*Recorded data*:
***
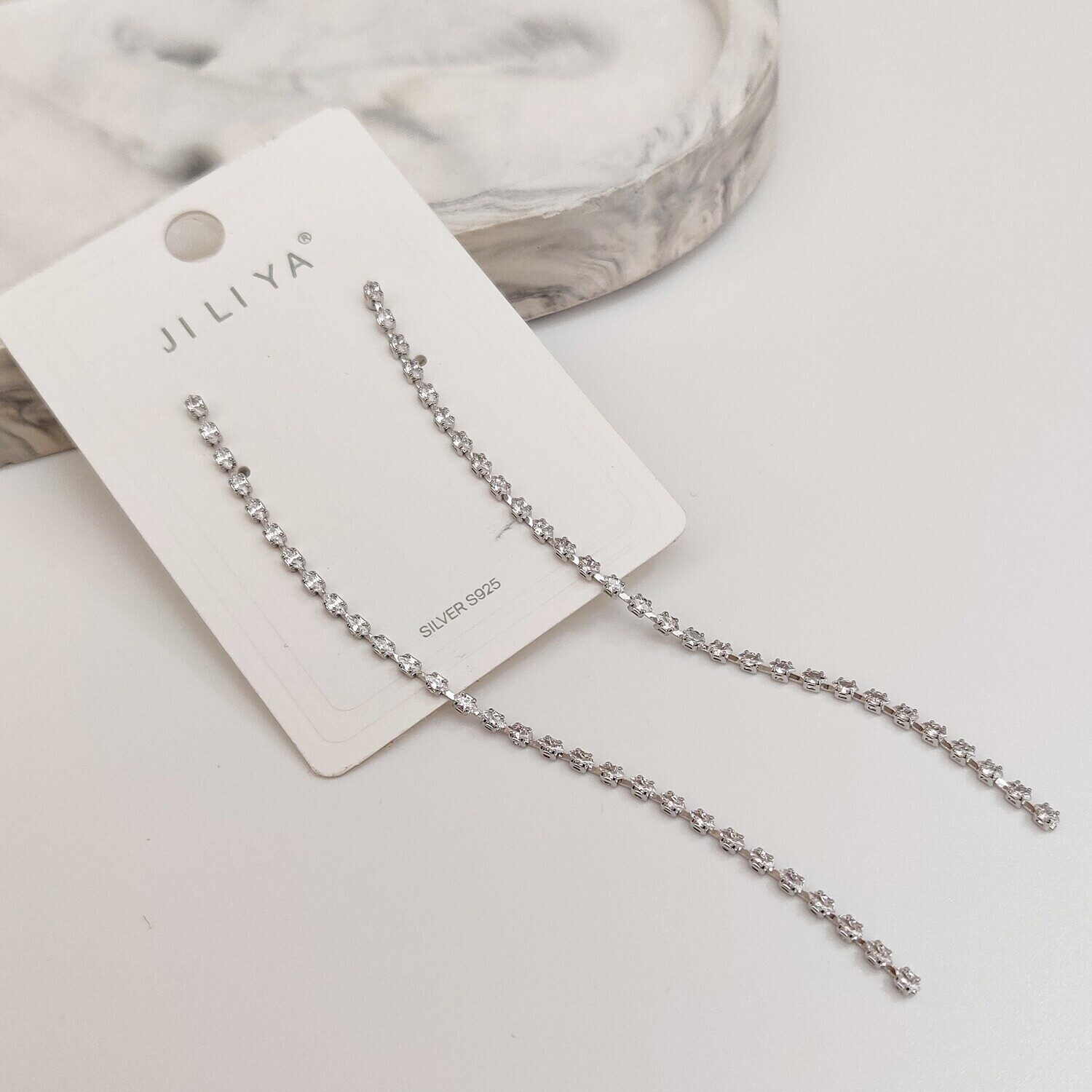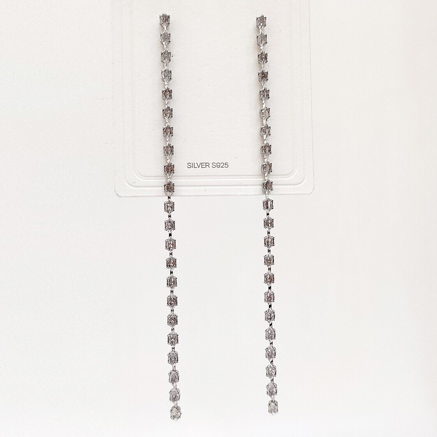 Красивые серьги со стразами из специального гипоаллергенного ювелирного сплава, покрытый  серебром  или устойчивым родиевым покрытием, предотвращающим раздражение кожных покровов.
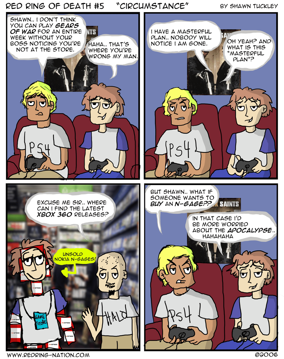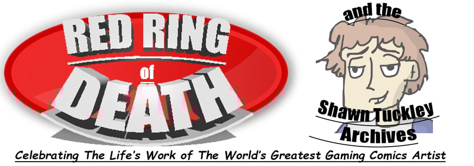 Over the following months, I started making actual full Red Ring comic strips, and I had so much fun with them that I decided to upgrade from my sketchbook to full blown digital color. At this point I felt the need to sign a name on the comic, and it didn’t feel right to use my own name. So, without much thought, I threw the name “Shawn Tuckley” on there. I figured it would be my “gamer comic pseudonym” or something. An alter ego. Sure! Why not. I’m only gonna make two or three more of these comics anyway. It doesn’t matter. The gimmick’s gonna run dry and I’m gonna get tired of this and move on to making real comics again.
***
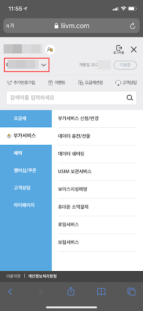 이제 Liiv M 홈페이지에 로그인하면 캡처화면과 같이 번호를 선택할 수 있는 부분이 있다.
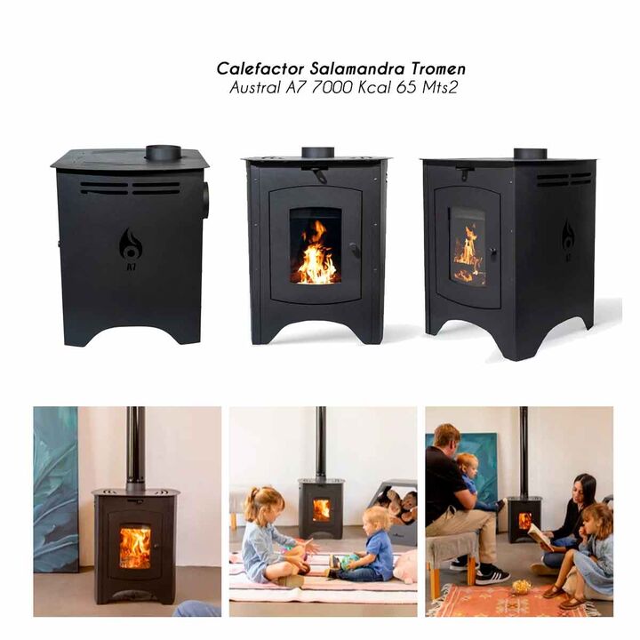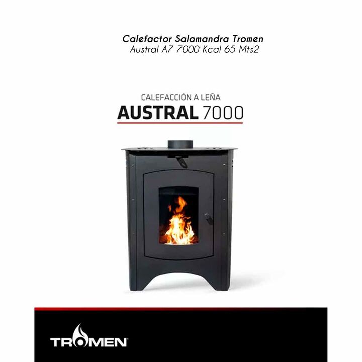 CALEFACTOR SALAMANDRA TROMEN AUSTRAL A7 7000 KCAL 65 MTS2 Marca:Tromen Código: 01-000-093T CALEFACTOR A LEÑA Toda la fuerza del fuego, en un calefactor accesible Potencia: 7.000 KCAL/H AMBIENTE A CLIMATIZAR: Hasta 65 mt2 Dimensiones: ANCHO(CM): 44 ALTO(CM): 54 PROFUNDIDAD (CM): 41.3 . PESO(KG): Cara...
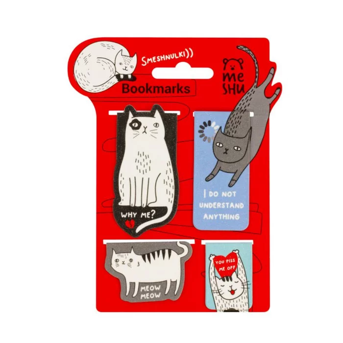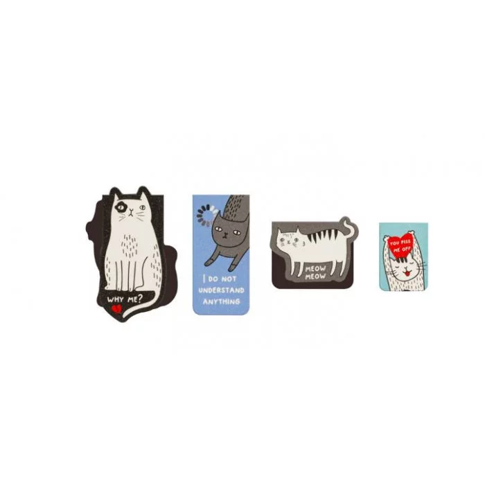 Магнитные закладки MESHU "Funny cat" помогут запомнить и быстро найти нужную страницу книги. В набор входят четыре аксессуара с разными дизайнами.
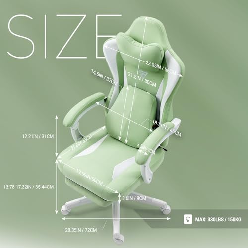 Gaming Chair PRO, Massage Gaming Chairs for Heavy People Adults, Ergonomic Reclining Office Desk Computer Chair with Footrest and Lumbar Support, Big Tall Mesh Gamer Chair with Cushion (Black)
***
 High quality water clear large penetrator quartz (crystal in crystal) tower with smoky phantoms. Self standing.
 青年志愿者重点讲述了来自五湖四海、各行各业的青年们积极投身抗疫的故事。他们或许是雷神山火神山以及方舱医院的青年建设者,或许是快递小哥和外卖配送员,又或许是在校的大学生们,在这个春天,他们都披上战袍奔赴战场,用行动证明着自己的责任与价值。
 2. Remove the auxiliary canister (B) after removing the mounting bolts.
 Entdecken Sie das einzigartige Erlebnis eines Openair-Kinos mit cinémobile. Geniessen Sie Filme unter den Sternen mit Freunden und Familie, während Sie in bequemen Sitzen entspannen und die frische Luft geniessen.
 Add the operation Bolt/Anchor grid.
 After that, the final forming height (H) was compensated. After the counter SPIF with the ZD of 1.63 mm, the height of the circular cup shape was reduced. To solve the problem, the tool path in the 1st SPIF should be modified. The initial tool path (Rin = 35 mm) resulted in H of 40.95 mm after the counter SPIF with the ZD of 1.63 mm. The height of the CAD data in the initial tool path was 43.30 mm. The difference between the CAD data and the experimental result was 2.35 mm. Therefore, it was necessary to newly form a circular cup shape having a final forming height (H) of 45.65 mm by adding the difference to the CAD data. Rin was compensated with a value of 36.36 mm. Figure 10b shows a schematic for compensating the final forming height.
***
The result should be an exact copy of only the lines above from the one that holds "Магнитные закладки MESHU" through the one that holds "Gaming Chair PRO, Massage", both ends included, without pictures.

*Problem solution*:
 Магнитные закладки MESHU "Funny cat" помогут запомнить и быстро найти нужную страницу книги. В набор входят четыре аксессуара с разными дизайнами.
 Gaming Chair PRO, Massage Gaming Chairs for Heavy People Adults, Ergonomic Reclining Office Desk Computer Chair with Footrest and Lumbar Support, Big Tall Mesh Gamer Chair with Cushion (Black)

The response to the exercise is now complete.